:: Task prompt ::
Copy out the data exactly, leaving the pictures behind.

:: Data block ::
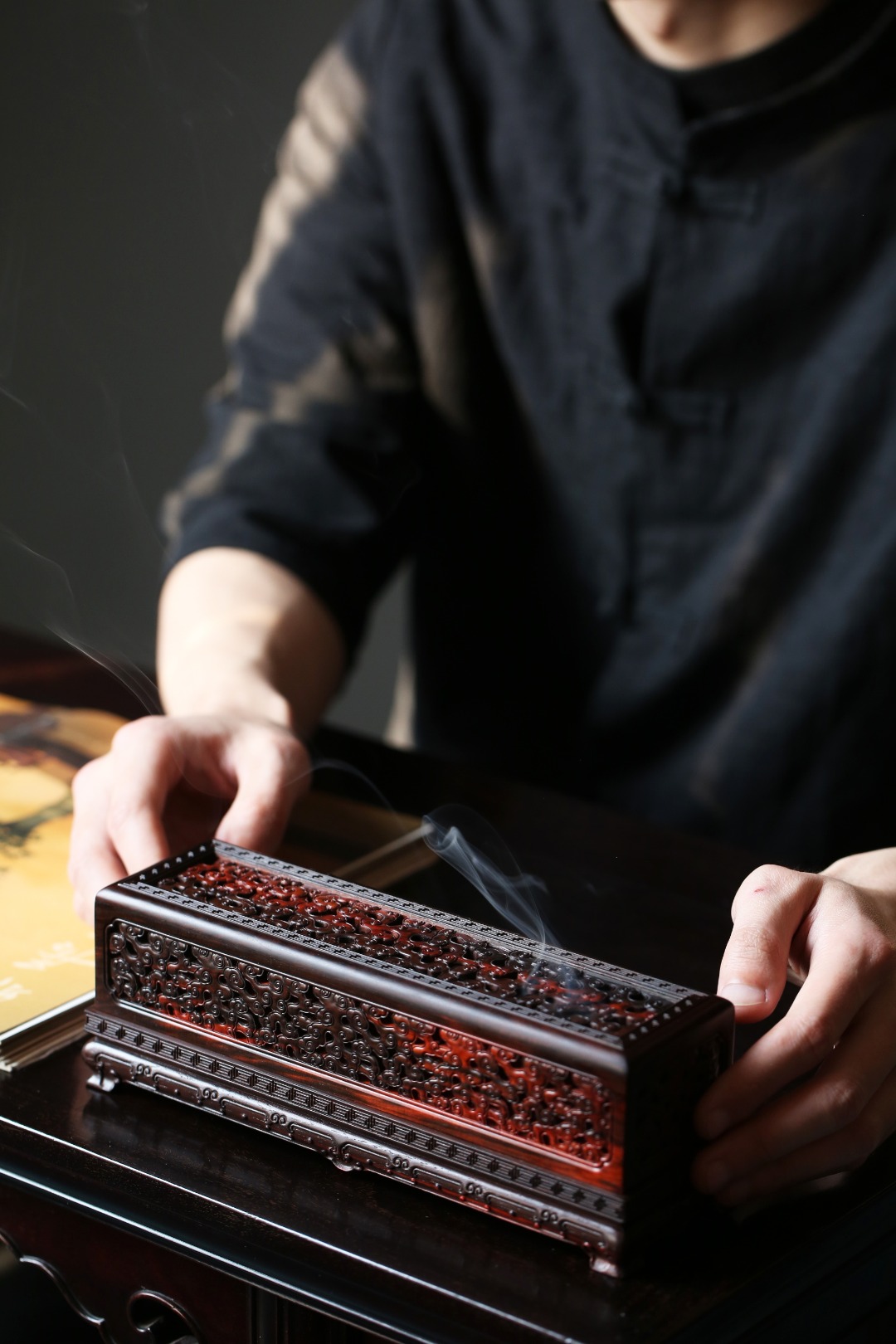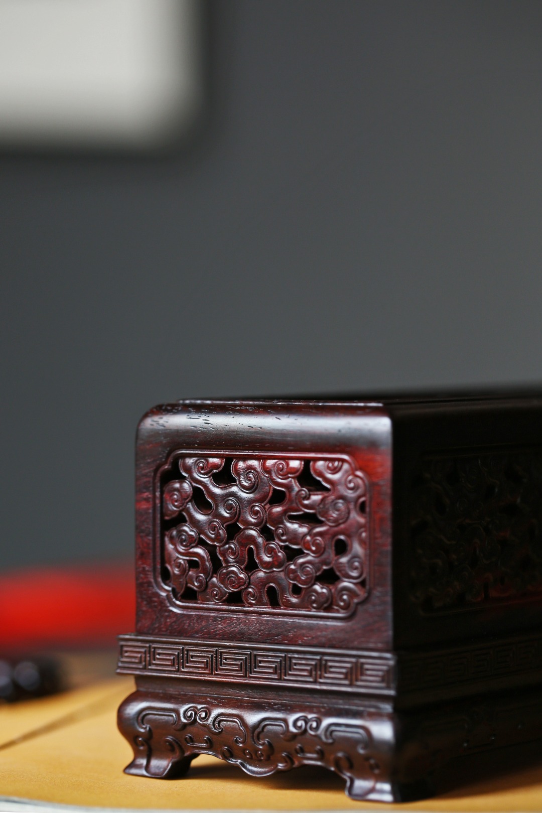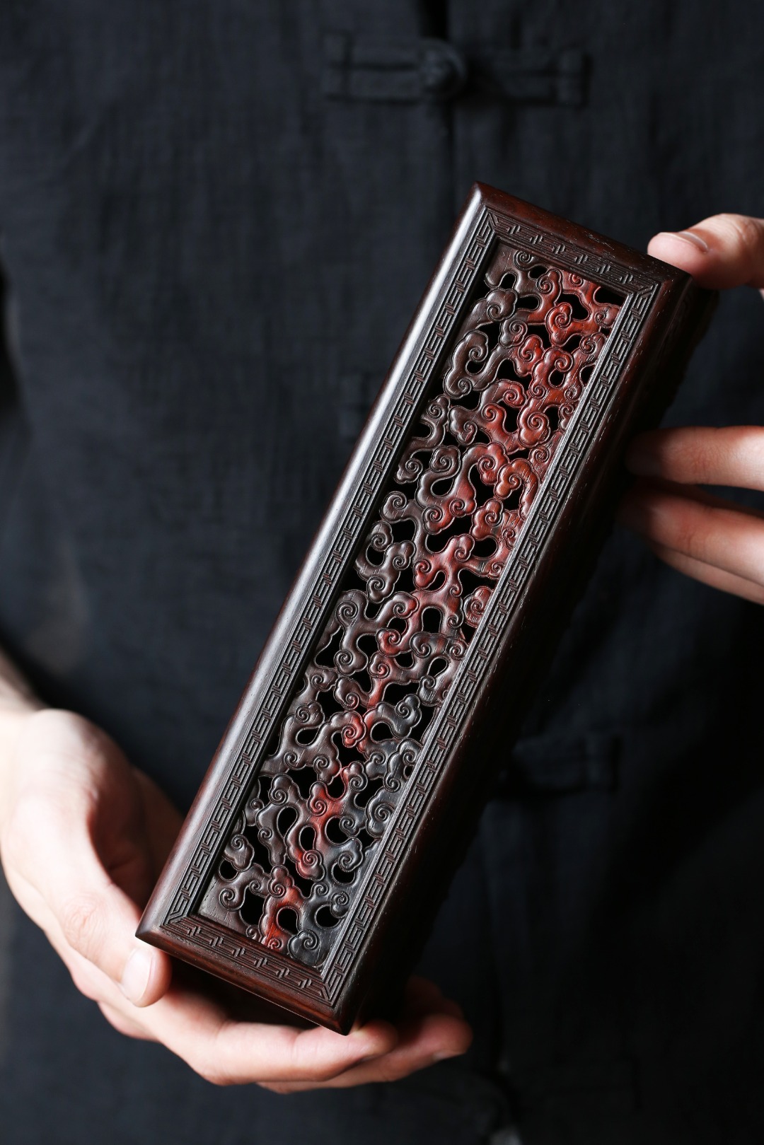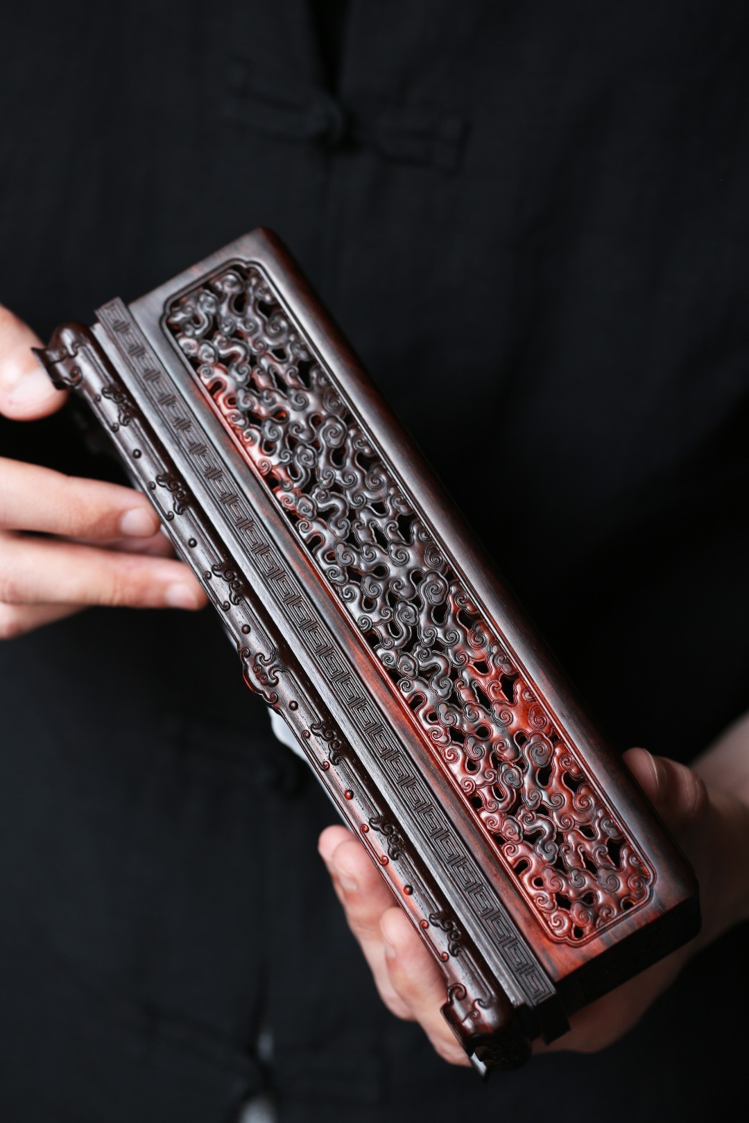 香盒周身镂空雕刻祥云纹,
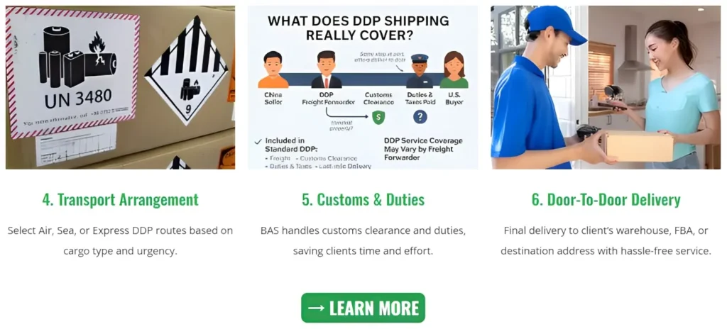 DDP lithium battery shipping means Delivered Duty Paid, where we handle the entire process of transporting lithium batteries—including freight, customs clearance, duties, and final delivery—so the consignee doesn’t need to deal with any hidden procedures or costs.
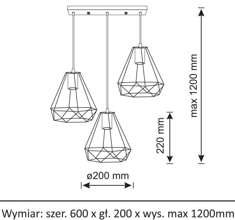Підвісний світильник Goldlux Vigo E27 3x20W IP20 BK | 314628
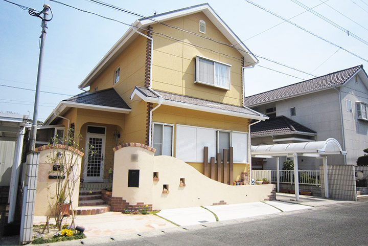 | 長年の汚れが付着し、外壁の汚れが目立つようになってきたので外壁塗装をしたいのと同時に、家のイメージを明るく変えたいとのご要望でした。 玄関門を洋風で可愛らしいデザインに一新し、外壁も門のデザインに合わせて暖色系に仕上げました。 また、屋根の激しい劣化も見受けられたので、屋根のメンテナンスも行い、綺麗に洗浄し塗装しました。 |

:: Exercise answer ::
 香盒周身镂空雕刻祥云纹,
 DDP lithium battery shipping means Delivered Duty Paid, where we handle the entire process of transporting lithium batteries—including freight, customs clearance, duties, and final delivery—so the consignee doesn’t need to deal with any hidden procedures or costs.
Підвісний світильник Goldlux Vigo E27 3x20W IP20 BK | 314628
 | 長年の汚れが付着し、外壁の汚れが目立つようになってきたので外壁塗装をしたいのと同時に、家のイメージを明るく変えたいとのご要望でした。 玄関門を洋風で可愛らしいデザインに一新し、外壁も門のデザインに合わせて暖色系に仕上げました。 また、屋根の激しい劣化も見受けられたので、屋根のメンテナンスも行い、綺麗に洗浄し塗装しました。 |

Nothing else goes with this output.